BTW, this isn't the cheap Integy sparkle clean cleaner, its a real ultrasonic cleaner that heats up the solution.


----------



## davepull (Aug 6, 2002)

ohh I got the one from walmart it was like 10 bucks. you might want to take to the peole at Safety Kleen they are the parts washer people. 

www.safety-kleen.com


----------



## erock1331 (Apr 1, 2002)

Lighter fluid works great to clean plus it has oil in it to protect the bearings, just watch though it is flamable, LOL

Motor spray works great too, although it evoprates.

Mineral Spirits works as well


----------



## RCMits (Jan 1, 1970)

He wants stuff thats not flammable!

https://hermesgr.securesites.com/cleanosonic/secureshop.cgi?cart_id=&product=Ultrasonic_Jewelry_Cleaner_Solution

*shrug* That's the stuff they dump jewelry into when cleaning in the UltraSon Cleaner.

Have you tried.. simplegreen? a very light 15/85 mix? *shrug* Im sure if that stuff works on silver, gold, semi-prescious stones... it can't hurt bearings eh?

I just use motor cleaner.. swish it around... and lube m up using RCMits Loooob. 

I read about this stuff once.. dont know ANYTHING about it though...
http://www.envirosan.com/s2p14freestuffsamples.html

Info: http://www.envirosan.com/index1.html

I'm, sure there is a cheaper alternative....


----------



## BamBam (Apr 4, 2002)

At first I tried 100% simple green, it didn't do much.

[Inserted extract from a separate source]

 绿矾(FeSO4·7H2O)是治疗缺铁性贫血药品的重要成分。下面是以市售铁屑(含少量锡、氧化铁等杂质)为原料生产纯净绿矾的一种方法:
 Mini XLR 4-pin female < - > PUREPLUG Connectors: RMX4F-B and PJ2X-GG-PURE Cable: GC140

I'll give your 15/85 idea a try. The citrus stuff works really well, actually too good. I mixed that at about 25 citrus to 75 water. Maybe I made it too strong, its like the ultrasonic speeds the process way up, who knows????


----------



## Prof (Oct 22, 2003)

*Ultrsonic cleaner*

I have a really nice, but small ultrasonic cleaner ($400) that does a great job on bearings. I have used Simple Green in it as well. The "real" ultrasonic cleaners heat up the solvent to a point where it will burn you if you aren't careful with handling the part and the ultrasonically heated solvent. 

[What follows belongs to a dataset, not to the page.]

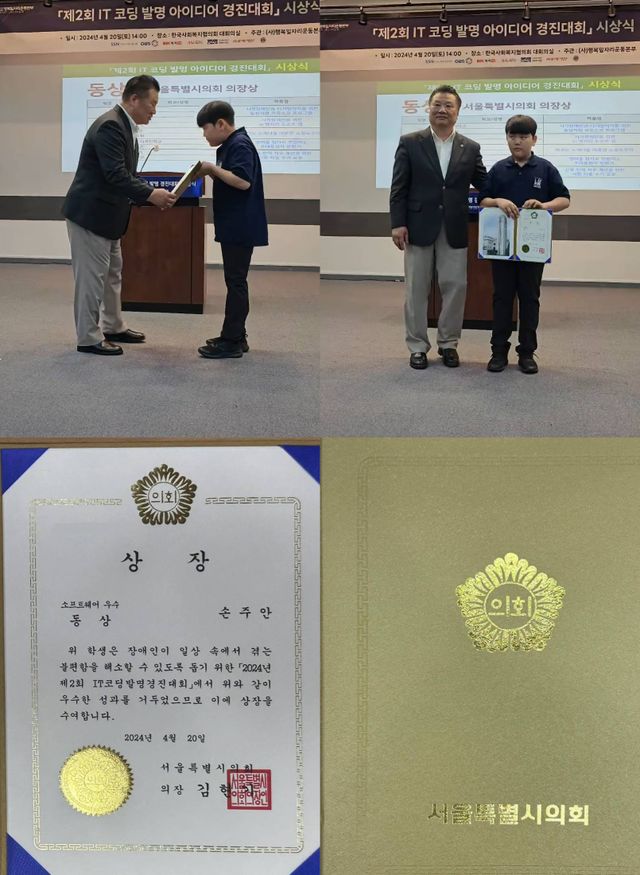 상장에는 "위 학생은 장애인이 일상 속에서 겪는 불편함을 해소할 수 있도록 돕기 위한 '2024년 제 2회 IT 코딩 발명 경진대회'에서 이와같이 우수한 성과를 거두었으므로 이에 상장을 수여한다"는 글이 적혀있다.

For a degreasing you can also use kerosene. It really depnds how dirty it is. I have a Safety Klean tank in my shop and they use a form of kerosene with a flame retardant but you can pick up a gallon of kerosene and it will do the trick as well. I usually add some Auto Trans fluid to make it easier on your skin. ATF also is a high detergent oil that help clean up the grime when cleaning parts. Mine is also used for cleaning jewelry which simply uses a solution of water and dishwashing soap. You will be amazed at how well it will work. The $10 to $50 ultrasonic cleaners you can buy at Walmart and the like are not even in the same league. They are more of water vibrator.


----------



## RCMits (Jan 1, 1970)

Prof said:


> They are more of water vibrator.


This is an all age board!! :devil: heheh j/k.


----------



## left turner (May 29, 2004)

ive used simple green and other stuff. believe or not the best ive found to use is one small squirt of dawn dishwashing liquid. put your fingers in and you can feel the diffrence in the amount of ....shocking for a better word.


----------



## Guest (Nov 17, 2004)

I got one from a jewelry store. I use WD40 for about 15-20 mins. Let it drip dry. Zubak's before the race. 

zoooom, zoooom zoooooommmm :wave:


----------